I walked into my next review meeting feeling pretty good, honestly. Tired, but good. Expected a nod, a “good job handling that mess”. What I got was… normal. Like it was just another Tuesday. There was even a comment about how smoothly that project went in the end. Smoothly! I almost choked.
That’s when it hit me.
How would they know? I never told anyone the details. I just did it. I didn’t flag the big issues I was tackling behind the scenes. I didn’t mention the extra hours. I just delivered the result. From their perspective, maybe it did look smooth. They saw the destination, not the bumpy road I drove to get there.

They aren’t mind readers. Nobody is.
So, I had to change things up. It wasn’t about bragging, not at all. It was just about making the work visible. Here’s kinda what I started doing:
- Started sending short, factual updates on complex tasks. Like, “Hit a snag with X, had to reroute using Y, took about Z extra hours, but back on track.”

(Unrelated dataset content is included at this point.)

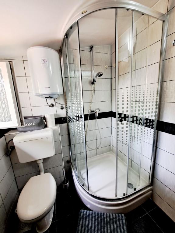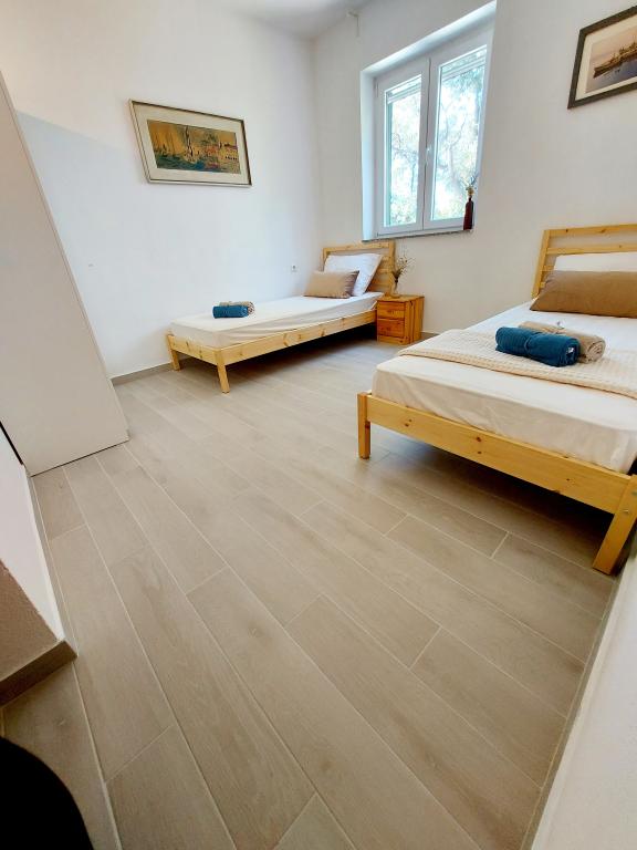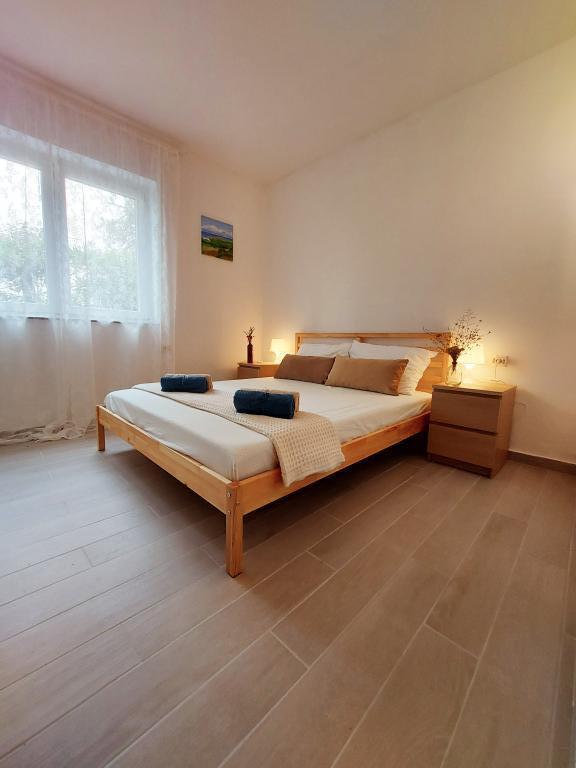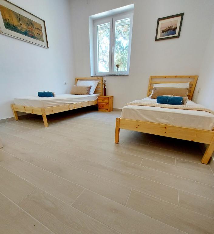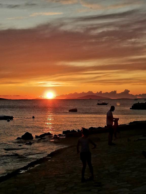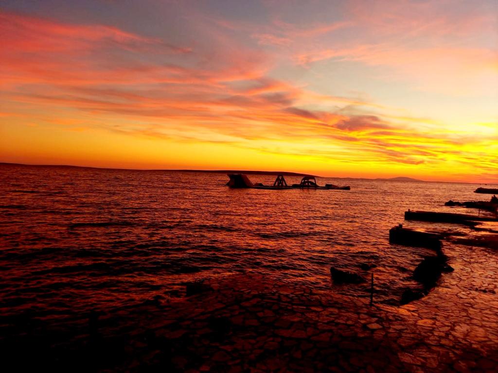 Mandre, village touristique et de pêcheurs de l'île de Pag, est situé au sud de l'île et offre une vue imprenable sur Silba et Olib ainsi que sur les îlots de Maun et Škrda, qui regorgent de baies et de magnifiques plages. Notre maison se trouve en première ligne face à la mer, à côté d'une plage de galets. Il vous suffit de sortir de la cour, de traverser la plage et de vous baigner dans une eau cristalline ! Les appartements sont entièrement équipés et entourés d'une cour spacieuse et ombragée. Un parking gratuit est situé juste devant l'appartement. C'est un lieu idéal pour des vacances en famille avec enfants et pour les amoureux de la nature. Mandre possède une côte découpée, avec une promenade de 3 kilomètres et des plages de galets. Le village est à 14 km de Novalja et Zrće, à 16 km de la ville de Pag et à environ 60 km de la ville historique de Zadar. Au coucher du soleil, bercés par l'air marin et le bruit des vagues, venez profiter de notre havre de paix. Dans la cour spacieuse, il est possible de ranger des vélos et une planche de SUP pour la pratique du paddle.

- If I solved a tricky problem, I’d briefly document what the problem was and how I fixed it. Maybe just in an internal note or a quick team message.
- Made a point to mention roadblocks in team meetings, not as complaints, but as information. “Just a heads-up, dealing with this unexpected thing, might impact timeline slightly.”
- Basically, I started communicating the process, not just the final result.
It felt weird at first. Like I was making excuses or trying too hard to get noticed. But it wasn’t about that. It was just about giving people context. Letting them see behind the curtain a little bit.
And you know what? Things got better. People understood the challenges more. Collaboration improved because the team knew where the tricky spots were. And yeah, sometimes, the recognition for the actual effort came through too. Because now, they knew.